The Twin Cities are being touted as the healthiest and fittest place in the country. The American College for Sports Medicine's latest American Fitness Index ranks Minneapolis and St. Paul number one, followed by Washington, DC, Boston, San Francisco, and Hartford, Connecticut. The Twin Cities area has more parks per square mile than any other major city in the country and twice as many farmers markets than the top ten-percent of American cities. Minneapolis and St. Paul are also second for the number of bicyclists per capita, with Portland, Oregon coming in at the top.
A crash in Wright County involving an ambulance answering a call and an SUV during the weekend snowstorm has left two medical workers facing long recoveries and two other people also injured. Emergency medical technician Tim Day of Albertville was driving the ambulance and a Facebook post by the president of Allina Health Emergency Medical Services says that he gave emergency medical care to others involved in the crash -- even though he had lower body injuries so extensive he is expected to be wheelchair-bound for several months. Paramedic Brian Nagel of Greenwood was also seriously hurt and is in critical condition and on a ventilator. No information is currently available about the other two people injured in the crash.
Police have released the names of three people shot outside a liquor store in neighboring Hudson, Wisconsin yesterday morning. Twenty-three-year-old Abdirahman Hersi of Minneapolis and 21-year-old Mohamed Hussein of Savage are now out of the hospital. But a third victim, 28-year-old Fartun Aidid of Hopkins remains hospitalized and her condition is unknown. Police say the three were shot in an SUV parked outside a store after an argument that started a short time earlier at a gas station across the street. Witnesses gave a description of the suspect vehicle and a couple hours later, after being spotted driving on I-494 by Eagan police, two suspects were arrested near a hotel in Bloomington. The suspects are being held by Bloomington police awaiting formal charges.
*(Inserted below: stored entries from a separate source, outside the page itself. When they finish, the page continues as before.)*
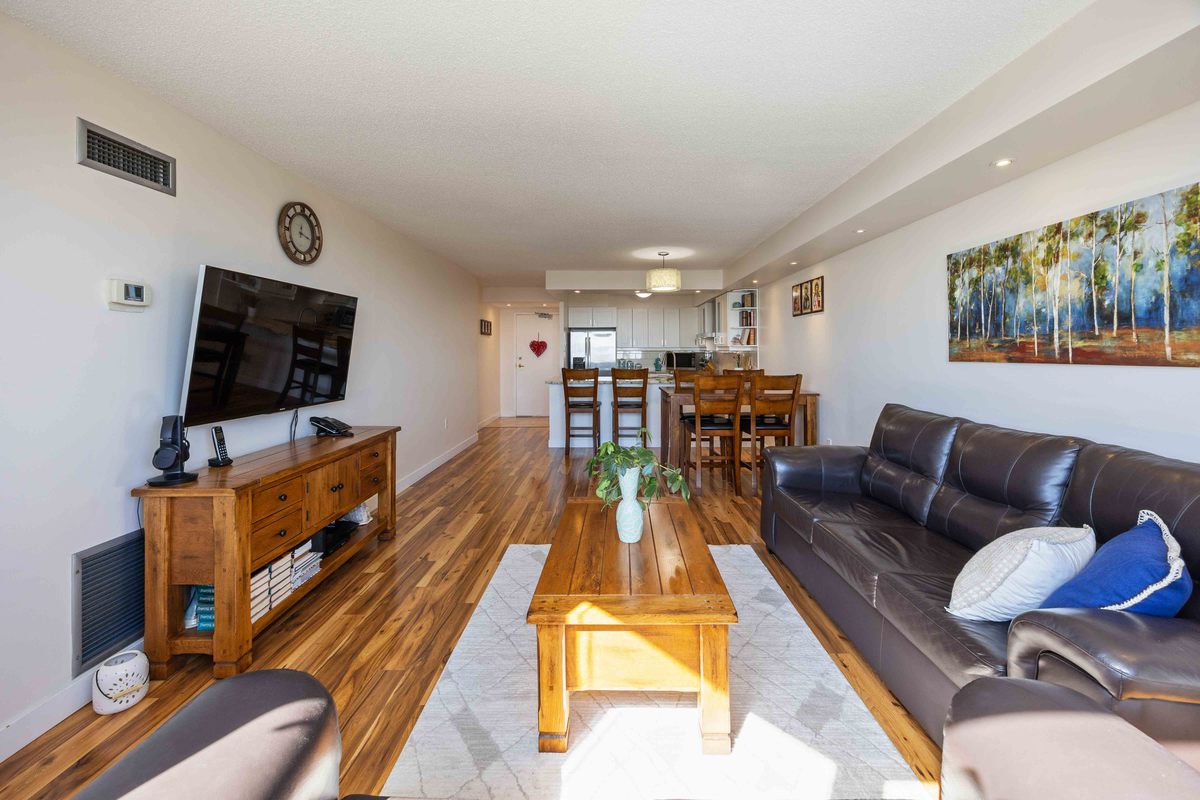 Welcome to Lakeshore Park Estates. From sunrise to sunset enjoy breathtaking, unobstructed South East facing views of Lake Ontario & the Toronto skyline-right from your balcony, living room, & bedrooms! Stunningly renovated suite with open-concept design, pot lights, & engineered hardwood throughout. Modern white kitchen with newer Stainless Steel appliances, oversized extended granite breakfast island, sleek hood range & elegant subway tile backsplash with bulk head lighting. Spa-inspired 4-piece bath, spacious primary with walk-in closet & balcony walkout, plus a bright versatile second bedroom for family, guests, or even an office. Convenient in-suite laundry with brand new stackable washer & dryer. Premium underground parking located steps from the entrance for ultimate convenience, plus TWO full-size side-by-side lockers for exceptional storage. All-inclusive building with every utility included in the maintenance fees! Residents enjoy a full suite of amenities including a sauna, hot tub, fully-equipped gym/exercise room, craft room, freshly renovated party room, library, bike storage, convenient visitor parking, superintendent & property manager on site. All this, in an unbeatable location-just steps from GO Transit, TTC buses & streetcars, & Mississauga Transit. Minutes to major highways (427, QEW, Gardiner), Pearson Airport, & Downtown Toronto. Enjoy nearby lifestyle amenities including Marie Curtis Park, Etobicoke Creek trails, boardwalks, beaches, golf courses, Sherway Gardens, shops & stores that Lakeshore has to offer. Truly one of Toronto's most sought-after addresses.
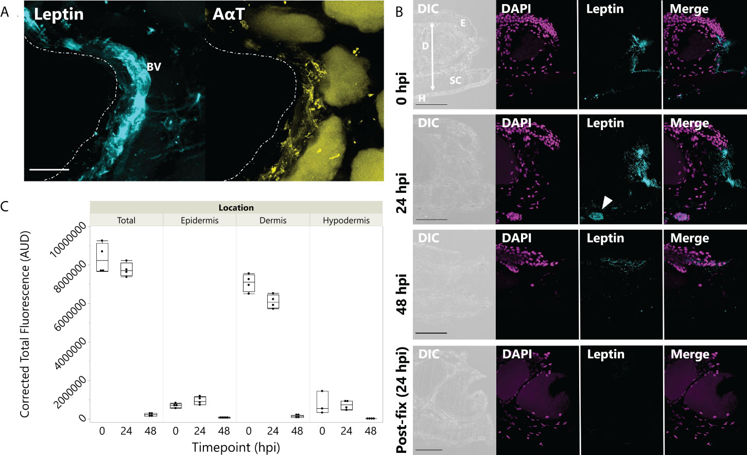 Figure 3. Leptin protein is rapidly localized to injured skin. (A) Whole mount of leptin protein (aqua) and acetylated α-tubulin (AαT, yellow) at the time of injury in juvenile Xenopus laevis dorsal skin. Dotted line indicates injury at the center of the donut-shaped explant. Leptin is highly expressed in blood vessels and nerve tissue (indicated by AαT) associated with the injury site. Granular glands are autofluorescent after bleaching and clearing at 488 nm (as seen in the AαT panel). Scale bar, 100 µm. (B) Leptin protein expression in 16-µm cross sections of juvenile X. laevis dorsal skin after injury. Leptin expression (aqua) is concentrated in the injured tissue at 0 and 24 hpi and nearly depleted by 48 hpi in vitro except for some localized in the epidermis (DAPI, magenta). Epidermis (E), dermis (D), stratum corneum of the dermis (SC), and thin hypodermis (H). Arrow in 24 h panel indicates blood vessel. Scale bars, 100 µm. (C) Leptin is most highly expressed in the central dermis after injury, but expression within 300 µm of the injury site in all skin layers is depleted by 48 hpi in culture (standard least squares ANOVA, time point, p < 0.0001). |
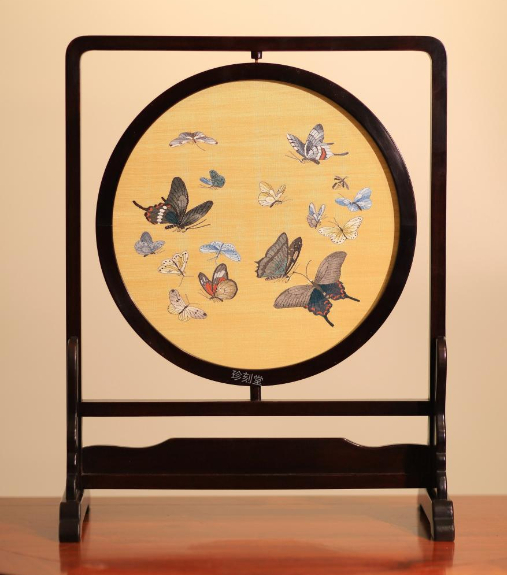 本次展览主题为《墨舞蝶韵》,共7位艺术家带来包括缂丝工艺品、竹刻、和田玉镶嵌、紫砂壶、刺绣香包、剪纸、猛犸象牙浅刻等23件工艺品,展期即日起至11月30日。
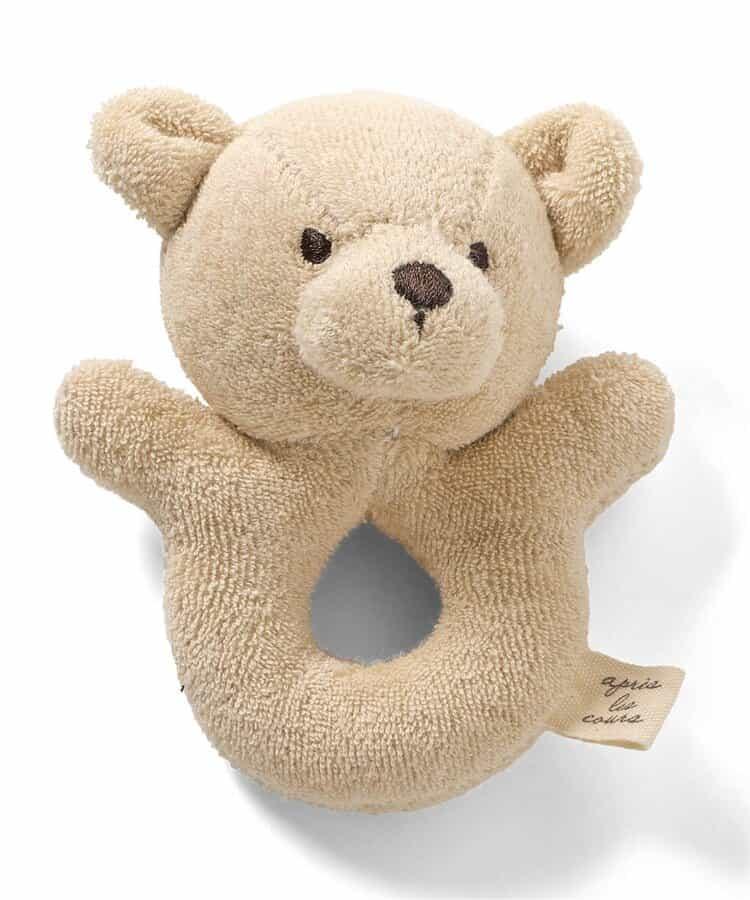 這款實用的禮品套裝包括一個小熊圖案的撥浪鼓和嬰兒襪。

The body of a fourth and final victim of a crash into the Mississippi River in Winona has now been pulled out of the icy water. The Winona County Sheriff's Department recovered the remains of 29-year-old Andrew Kingsbury on Sunday south of the Highway 43 bridge, in water about ten feet deep. Kingsbury died along with three others earlier this month when a vehicle driven by Christina Hauser went off a side street and into the river. The other three bodies were recovered earlier.
Tense moments in Barnesville when a large industrial propane tank caught fire Sunday morning. I-94 was shut down while crews fought the fire at Agassiz Alley Grain Company. Clay County Sheriff Bill Bergquist says the biggest issue was there were many valves that had to be closed, and firefighters first had to cool everything down before they could get in there. Bergquist says crews had some trouble with some of the valves. Firefighters constantly poured water on the tank to keep it cool and prevent an explosion. Bergquist says there's nothing suspicious about the fire, but the cause will be investigated.
Health effects of smoking and progress made in smoking prevention and cessation are outlined in a recently-released report from the U-S Surgeon General. Director of Mayo Clinic's Nicotine Dependence Center Doctor Richard Hurt, director of Mayo Clinic's Nicotine Dependence Center, says while fewer people are taking up the habit, cigarettes still kill 480-thousand Americans every year -- two-thirds of the people who use them. Hurt says cigarette smoke affects every organ system in the body and the report, for the first time, definitively links cigarette smoking with colon cancer.